The James Webb Space Telescope located the most distant galaxy detected to date, created during the initial expansion of the Universe, just 320 million years after the
Big Bang,
according to studies published Tuesday.
The further away the galaxies are, and therefore younger,
the more difficult they are to detect
, since their light signal is very poor.
The first results from the James Webb Telescope (JWST), which began operating in July 2022, identified numerous "candidate" galaxies in the infrared spectrum, a wavelength invisible
to the human eye
that allows us to go back much further in time.
One of the previous images taken by the James Webb telescope of the Pandora cluster.
The Webb telescope has powerful infrared observation capabilities, which combined with spectroscopy, which analyzes light from an object to determine its chemical elements, located "unambiguously" the existence of four galaxies
.
All of them are located at the red end of the spectrum, that is, they are very far away, with an age ranging between 300 and 500 million years after the Big Bang (which occurred 13.8 billion years ago), according to two published studies. in
Nature Astronomy.
At that time, the Universe
was only 2% of its current age,
and it was going through what scientists call a reionization period: after the period known as the "dark ages", it became active again and began to produce a large amount of of stars.

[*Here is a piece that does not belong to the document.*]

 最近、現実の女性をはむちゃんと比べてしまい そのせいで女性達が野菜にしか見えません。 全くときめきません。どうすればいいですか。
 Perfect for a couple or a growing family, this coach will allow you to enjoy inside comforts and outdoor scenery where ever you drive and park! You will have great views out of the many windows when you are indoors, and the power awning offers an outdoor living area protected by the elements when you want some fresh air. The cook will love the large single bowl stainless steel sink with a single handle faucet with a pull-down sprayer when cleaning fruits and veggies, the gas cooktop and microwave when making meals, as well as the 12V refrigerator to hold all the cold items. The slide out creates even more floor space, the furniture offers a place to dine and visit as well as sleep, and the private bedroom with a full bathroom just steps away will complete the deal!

The most distant galaxy located by the JWST, named
JADES-GS-z13-0,
formed "320 million years after the Big Bang" and its light is the most distant observed to date by astronomers, he explained to the AFP agency.
Stéphane Charlot of the Paris Institute of Astrophysics
, one of the study's authors.
Artist's rendering of the James Webb Space Telescope.
Photo Nasa- Beckwith
The space telescope also confirmed the existence of the galaxy GM-z11, some 450 million years after the Big Bang, and which had already been detected by the
Hubble telescope.
The four observed galaxies are very low-massive - barely a hundred million solar masses, compared to 1.5 trillion for the
Milky Way.
Instead, these galaxies are
"very active when it comes to forming stars
, in proportion to their mass", details this astrophysicist.

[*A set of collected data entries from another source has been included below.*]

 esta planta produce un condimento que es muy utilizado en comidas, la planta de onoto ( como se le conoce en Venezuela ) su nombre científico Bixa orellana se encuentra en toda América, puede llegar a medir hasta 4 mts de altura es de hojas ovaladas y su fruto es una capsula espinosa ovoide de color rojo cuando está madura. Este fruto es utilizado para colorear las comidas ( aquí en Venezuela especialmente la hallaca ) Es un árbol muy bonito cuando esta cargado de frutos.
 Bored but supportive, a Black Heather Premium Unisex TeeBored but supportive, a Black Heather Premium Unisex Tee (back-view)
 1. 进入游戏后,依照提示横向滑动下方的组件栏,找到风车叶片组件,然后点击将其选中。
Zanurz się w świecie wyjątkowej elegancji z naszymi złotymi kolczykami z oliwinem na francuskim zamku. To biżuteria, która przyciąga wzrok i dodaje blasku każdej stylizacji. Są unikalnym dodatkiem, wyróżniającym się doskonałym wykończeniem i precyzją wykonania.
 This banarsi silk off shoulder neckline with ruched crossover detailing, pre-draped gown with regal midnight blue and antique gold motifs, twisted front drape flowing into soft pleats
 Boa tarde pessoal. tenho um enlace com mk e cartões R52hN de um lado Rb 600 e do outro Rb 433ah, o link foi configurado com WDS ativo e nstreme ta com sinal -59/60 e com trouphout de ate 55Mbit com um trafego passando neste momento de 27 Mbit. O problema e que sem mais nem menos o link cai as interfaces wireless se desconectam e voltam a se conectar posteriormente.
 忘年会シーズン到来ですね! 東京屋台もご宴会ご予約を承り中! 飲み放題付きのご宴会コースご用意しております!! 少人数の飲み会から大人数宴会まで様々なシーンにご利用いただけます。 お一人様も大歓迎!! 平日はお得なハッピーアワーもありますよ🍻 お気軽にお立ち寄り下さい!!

The formation of stars is taking place "at approximately the same rate as the Milky Way" a "surprising speed in that
initial stage of the Universe
", comments the researcher.
These galaxies are otherwise
"very metal poor"
, a discovery that confirms the usual theories of cosmology: the closer to the origin of the Universe, the less time these stars had to form complex molecules.
This new contribution from the JWST is
"a technological feat,"
says Pieter van Dokkum, an astronomer at Yale University, in a commentary attached to the study.
"Every month" the telescope exceeds "the frontiers of exploration," he explains.
In February, James Webb located a group of six galaxies 500 to 700 million years old after the Big Bang, apparently much more massive than expected.
If the existence of these galaxies were confirmed by spectroscopy, that could
call into question some of the theories about the formation of the universe.